◆ Source information:
• • • • •
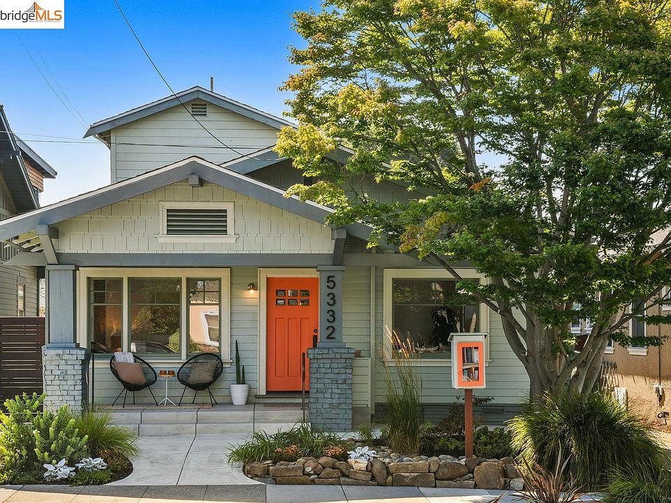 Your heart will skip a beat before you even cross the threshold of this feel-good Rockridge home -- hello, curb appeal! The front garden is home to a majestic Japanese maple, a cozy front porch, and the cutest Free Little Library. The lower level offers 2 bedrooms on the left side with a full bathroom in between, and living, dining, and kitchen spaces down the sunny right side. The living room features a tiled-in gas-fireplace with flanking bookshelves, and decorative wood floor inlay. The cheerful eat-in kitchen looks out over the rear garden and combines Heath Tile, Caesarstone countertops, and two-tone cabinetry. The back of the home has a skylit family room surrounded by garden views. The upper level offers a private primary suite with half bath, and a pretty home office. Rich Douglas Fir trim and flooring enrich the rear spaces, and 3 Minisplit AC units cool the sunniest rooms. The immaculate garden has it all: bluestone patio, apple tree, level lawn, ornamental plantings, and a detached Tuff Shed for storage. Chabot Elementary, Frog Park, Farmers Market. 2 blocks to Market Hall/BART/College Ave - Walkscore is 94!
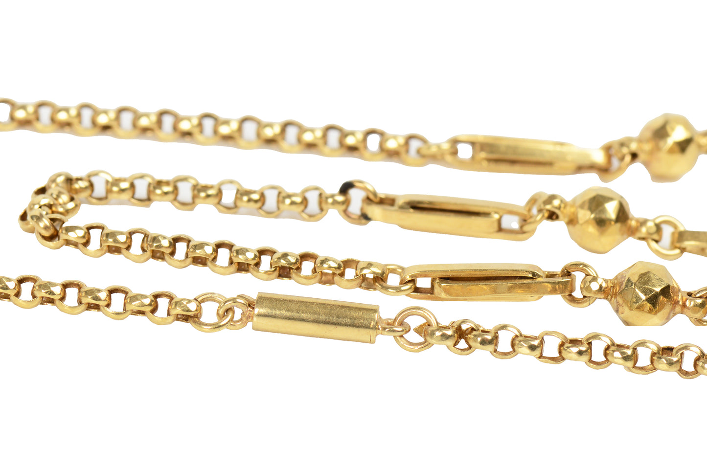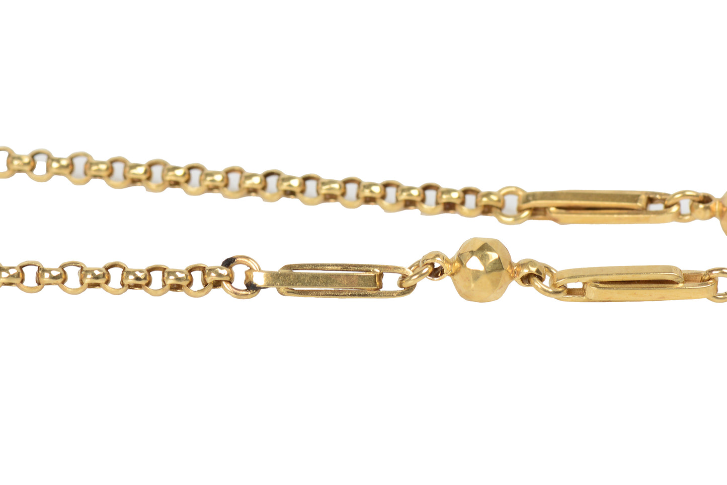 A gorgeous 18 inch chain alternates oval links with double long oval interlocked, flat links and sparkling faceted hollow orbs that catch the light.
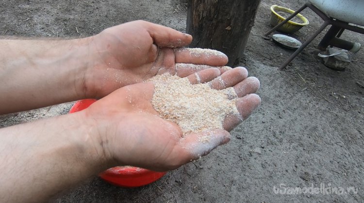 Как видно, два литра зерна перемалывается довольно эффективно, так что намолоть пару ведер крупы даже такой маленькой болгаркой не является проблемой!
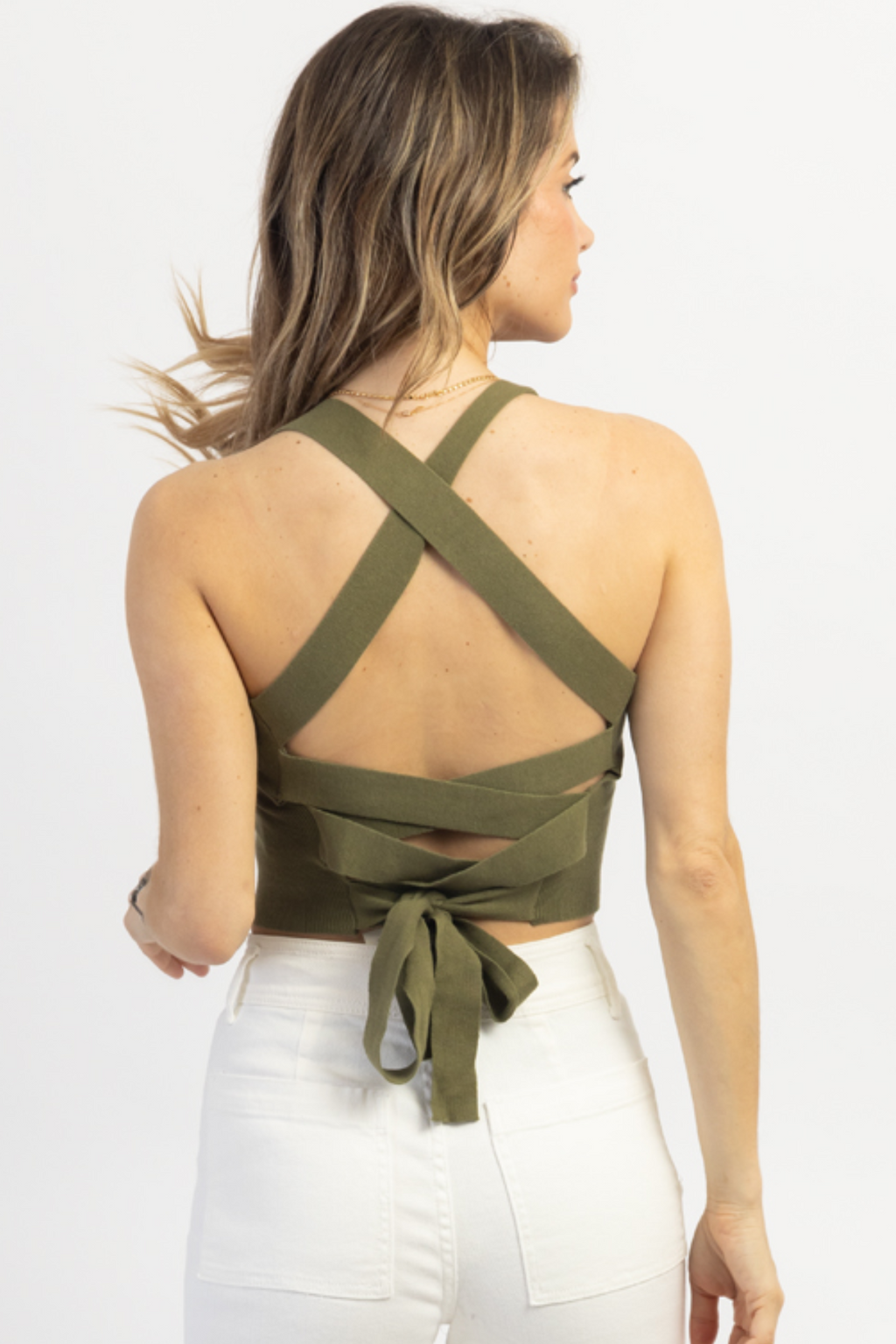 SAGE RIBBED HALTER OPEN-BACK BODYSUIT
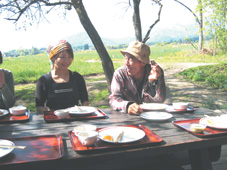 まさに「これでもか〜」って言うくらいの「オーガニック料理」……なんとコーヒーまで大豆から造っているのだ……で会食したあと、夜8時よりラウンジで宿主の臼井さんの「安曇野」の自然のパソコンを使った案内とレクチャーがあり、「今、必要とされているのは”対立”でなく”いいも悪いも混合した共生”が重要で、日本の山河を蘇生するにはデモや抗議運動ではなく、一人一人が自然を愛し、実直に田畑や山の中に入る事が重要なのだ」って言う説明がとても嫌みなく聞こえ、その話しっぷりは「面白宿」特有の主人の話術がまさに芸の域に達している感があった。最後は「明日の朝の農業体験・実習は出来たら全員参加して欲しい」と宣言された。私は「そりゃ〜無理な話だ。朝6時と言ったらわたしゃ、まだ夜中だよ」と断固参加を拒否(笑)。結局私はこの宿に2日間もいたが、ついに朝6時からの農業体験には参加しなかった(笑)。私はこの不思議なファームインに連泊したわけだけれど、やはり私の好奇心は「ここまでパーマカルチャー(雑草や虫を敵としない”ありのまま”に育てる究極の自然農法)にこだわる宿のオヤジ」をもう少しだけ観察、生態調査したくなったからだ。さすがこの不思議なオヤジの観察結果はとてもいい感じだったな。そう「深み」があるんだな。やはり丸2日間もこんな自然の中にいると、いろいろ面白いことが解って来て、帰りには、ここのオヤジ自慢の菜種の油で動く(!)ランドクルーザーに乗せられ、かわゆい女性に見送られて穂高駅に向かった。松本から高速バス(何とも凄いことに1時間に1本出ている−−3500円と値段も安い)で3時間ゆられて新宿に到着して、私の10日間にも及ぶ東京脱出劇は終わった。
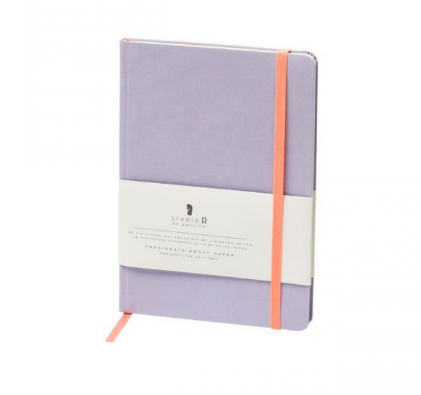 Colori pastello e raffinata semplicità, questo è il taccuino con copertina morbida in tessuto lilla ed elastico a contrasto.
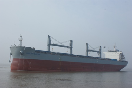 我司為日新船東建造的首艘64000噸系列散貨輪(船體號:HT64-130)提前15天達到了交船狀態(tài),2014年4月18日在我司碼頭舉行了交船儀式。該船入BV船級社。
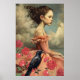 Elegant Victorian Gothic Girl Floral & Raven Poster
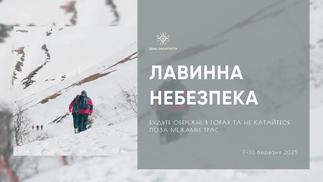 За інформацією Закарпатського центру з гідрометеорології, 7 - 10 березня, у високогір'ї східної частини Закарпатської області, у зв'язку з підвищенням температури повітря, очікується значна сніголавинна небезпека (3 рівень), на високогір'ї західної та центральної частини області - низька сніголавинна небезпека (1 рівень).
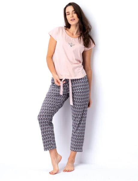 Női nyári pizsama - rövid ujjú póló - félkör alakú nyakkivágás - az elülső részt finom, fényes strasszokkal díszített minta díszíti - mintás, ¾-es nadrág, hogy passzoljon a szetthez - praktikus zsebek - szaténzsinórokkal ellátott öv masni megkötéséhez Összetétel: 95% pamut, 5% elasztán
• • • • •
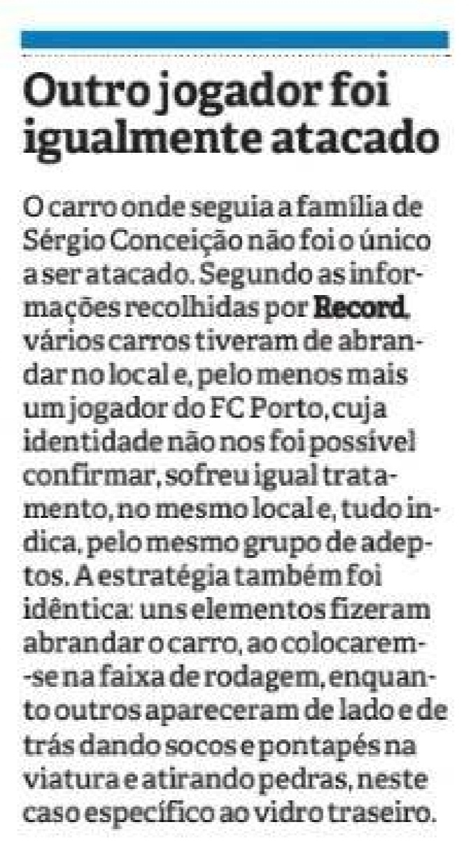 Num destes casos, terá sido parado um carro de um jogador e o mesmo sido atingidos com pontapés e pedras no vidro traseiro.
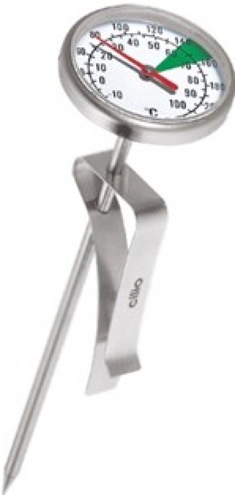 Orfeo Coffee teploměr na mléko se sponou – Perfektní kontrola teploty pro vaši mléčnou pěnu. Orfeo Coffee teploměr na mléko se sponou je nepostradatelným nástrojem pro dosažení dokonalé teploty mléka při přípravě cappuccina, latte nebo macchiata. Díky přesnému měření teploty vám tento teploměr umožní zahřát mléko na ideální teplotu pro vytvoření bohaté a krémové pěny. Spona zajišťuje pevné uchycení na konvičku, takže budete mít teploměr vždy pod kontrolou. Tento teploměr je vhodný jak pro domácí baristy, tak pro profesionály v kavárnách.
• • • • •
◆ Exercise:
Taking the entries above, copy word for word the lines from the one with "我司為日新船東建造的首艘64" up to and including the one with "Női nyári pizsama", without any picture.

◆ Solution:
 我司為日新船東建造的首艘64000噸系列散貨輪(船體號:HT64-130)提前15天達到了交船狀態(tài),2014年4月18日在我司碼頭舉行了交船儀式。該船入BV船級社。
 Elegant Victorian Gothic Girl Floral & Raven Poster
 За інформацією Закарпатського центру з гідрометеорології, 7 - 10 березня, у високогір'ї східної частини Закарпатської області, у зв'язку з підвищенням температури повітря, очікується значна сніголавинна небезпека (3 рівень), на високогір'ї західної та центральної частини області - низька сніголавинна небезпека (1 рівень).
 Női nyári pizsama - rövid ujjú póló - félkör alakú nyakkivágás - az elülső részt finom, fényes strasszokkal díszített minta díszíti - mintás, ¾-es nadrág, hogy passzoljon a szetthez - praktikus zsebek - szaténzsinórokkal ellátott öv masni megkötéséhez Összetétel: 95% pamut, 5% elasztán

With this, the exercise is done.